Matthew Green, a cryptographer and associate professor at Johns Hopkins University, said that the attack points out some of the weaknesses in the entire OpenPGP infrastructure.

"PGP is old and kind of falling apart. There's not enough people maintaining it and it's full of legacy code. There are some people doing the lord's work in keeping it up, but it's not enough," Green said. "Think about it like an old hospital that's crumbling and all of the doctors have left but there's still some people keeping the emergency room open and helping patients. At some point you have to ask whether it's better just to let it close and let something better come along.

“I think PGP is preventing the development of better stuff and the person who did this is clearly demonstrating this problem.”

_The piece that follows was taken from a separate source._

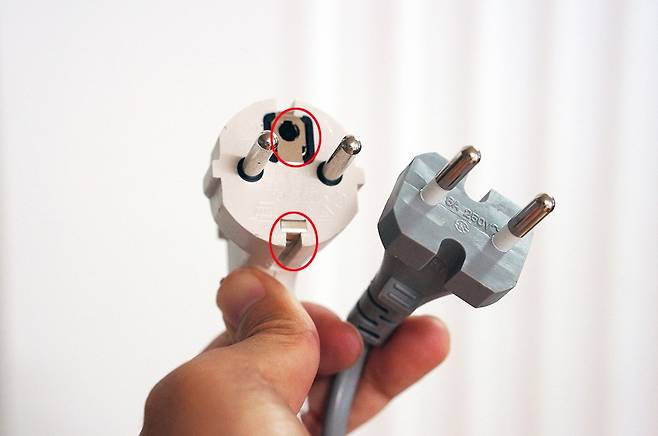 멀티탭에 접지 기능이 있는지는 딱 두 가지로 확인할 수 있다. 먼저 벽면 콘센트에 연결하는 플러그 상하단의 접지부다. 위 사진과 같이 위아래로 금속 재질 접속면이 있다면 접지 기능이 내장된 멀티탭이라는 말이다. 당연히 금속 재질 접속면이 없다면 접지 기능을 제공하지 않는다는 말이다.

The certificate flooding attack on Hansen and Gillmor already has had some consequences for other people. Gillmor said that several people he knows have had serious issues because they had his certificate in their keyrings and refreshed them, which resulted in the spammed certificate being imported. Though the certificate spamming issue was known, it was never addressed because of a variety of barriers, including the fact that the keyserver system generally worked. But Gillmor said the attacks illustrate both the fragility and necessity of projects such as OpenPGP.

“One of the points I've been driving at for years is that the goals of much of the work I care about (confidentiality; privacy; information security and data sovereignty; healthy communications systems) are not individual goods. They are interdependent, communally-constructed and communally-defended social properties,” he said.

“As an engineering community, we failed -- and as an engineer, I contributed to that failure -- at protecting these folks in this instance about because we left things sloppy and broken and supposedly ‘good enough’.”

Green said that while OpenPGP and the tools that depend on it have value still, they shouldn't be the best option for people in high-risk situations.

“People make a big deal out of why it's so important but in practice if people's lives are being put at risk because of this, it can't be that important. This tool can't be what's protecting activists if it can be broken like this.”